Segment Open

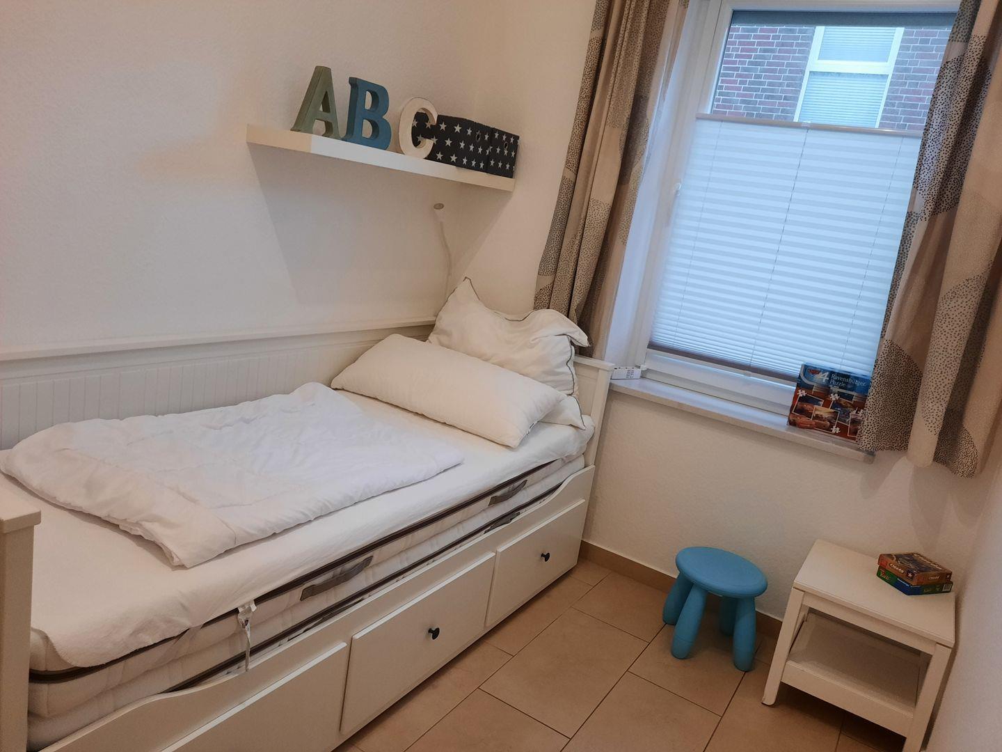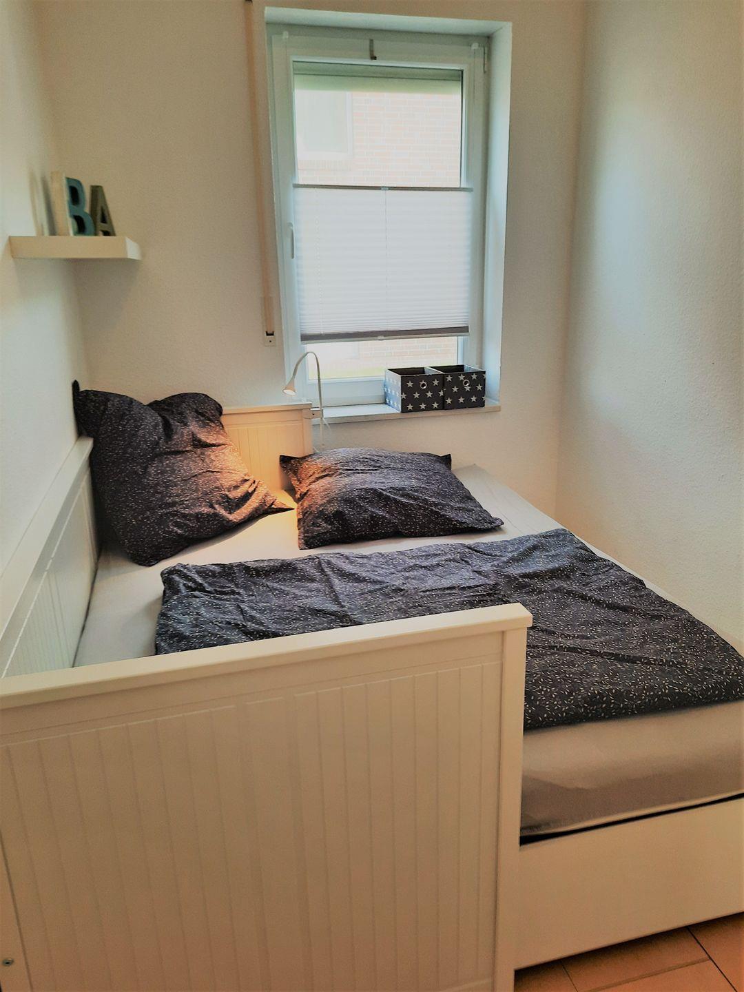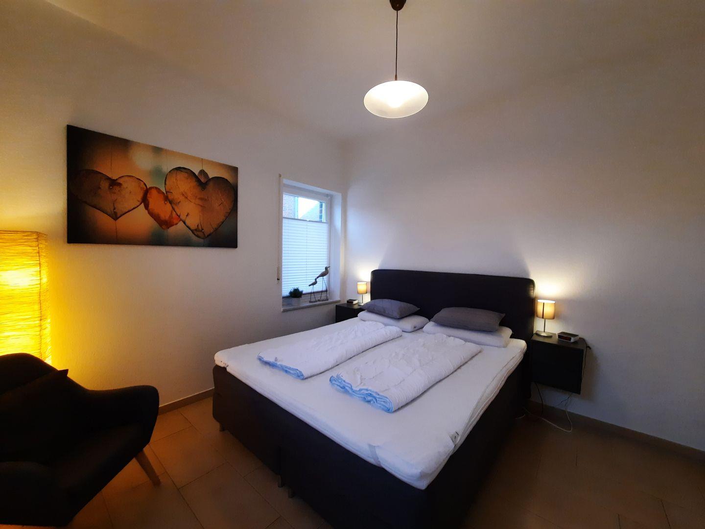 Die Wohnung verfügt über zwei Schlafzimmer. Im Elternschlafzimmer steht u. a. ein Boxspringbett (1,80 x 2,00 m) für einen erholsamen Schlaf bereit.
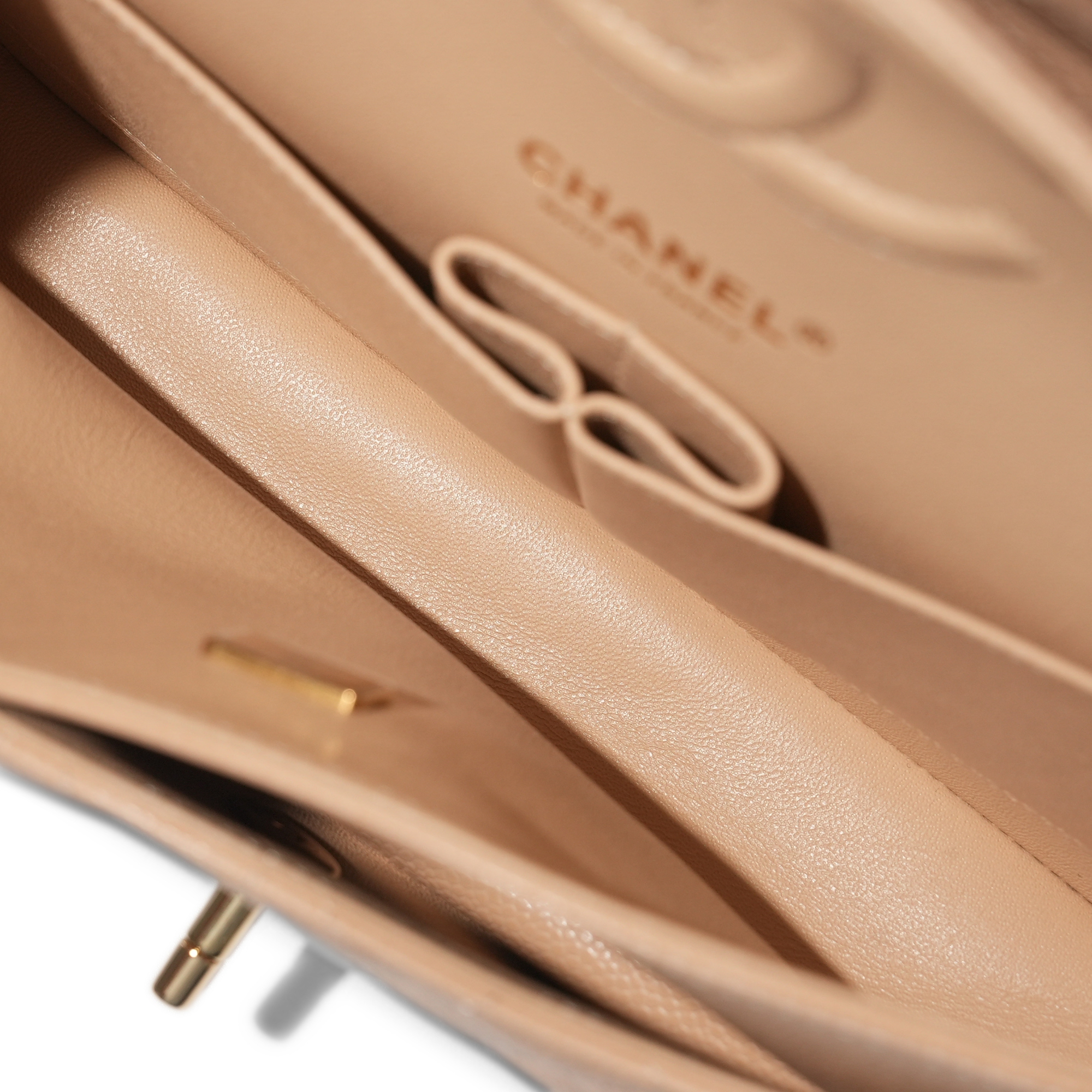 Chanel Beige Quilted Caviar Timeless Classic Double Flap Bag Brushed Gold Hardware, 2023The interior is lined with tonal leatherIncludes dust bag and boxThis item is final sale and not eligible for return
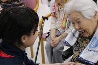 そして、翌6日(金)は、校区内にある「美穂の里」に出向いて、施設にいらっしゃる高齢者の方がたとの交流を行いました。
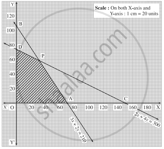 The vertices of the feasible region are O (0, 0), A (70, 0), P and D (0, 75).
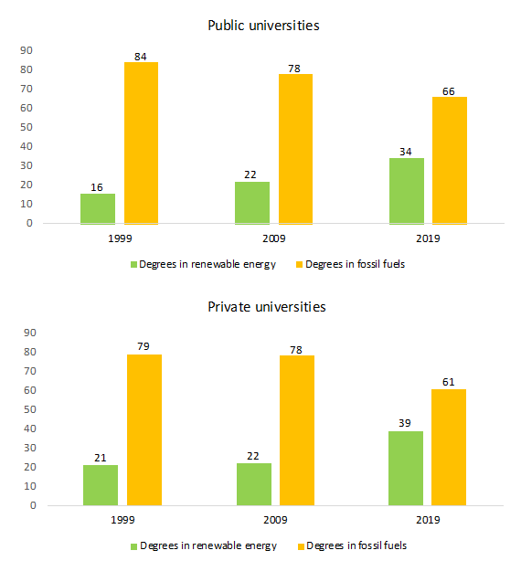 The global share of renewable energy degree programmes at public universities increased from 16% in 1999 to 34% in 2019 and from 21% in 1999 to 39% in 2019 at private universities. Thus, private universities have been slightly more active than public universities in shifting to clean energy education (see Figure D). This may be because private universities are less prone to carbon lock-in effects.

Segment Closed

§ **ACTIVITY**: Exactly what appears in the records above must be returned, apart from the pictures.

§ **REPLY TO THE TASK**:
 Die Wohnung verfügt über zwei Schlafzimmer. Im Elternschlafzimmer steht u. a. ein Boxspringbett (1,80 x 2,00 m) für einen erholsamen Schlaf bereit.
 Chanel Beige Quilted Caviar Timeless Classic Double Flap Bag Brushed Gold Hardware, 2023The interior is lined with tonal leatherIncludes dust bag and boxThis item is final sale and not eligible for return
 そして、翌6日(金)は、校区内にある「美穂の里」に出向いて、施設にいらっしゃる高齢者の方がたとの交流を行いました。
 The vertices of the feasible region are O (0, 0), A (70, 0), P and D (0, 75).
 The global share of renewable energy degree programmes at public universities increased from 16% in 1999 to 34% in 2019 and from 21% in 1999 to 39% in 2019 at private universities. Thus, private universities have been slightly more active than public universities in shifting to clean energy education (see Figure D). This may be because private universities are less prone to carbon lock-in effects.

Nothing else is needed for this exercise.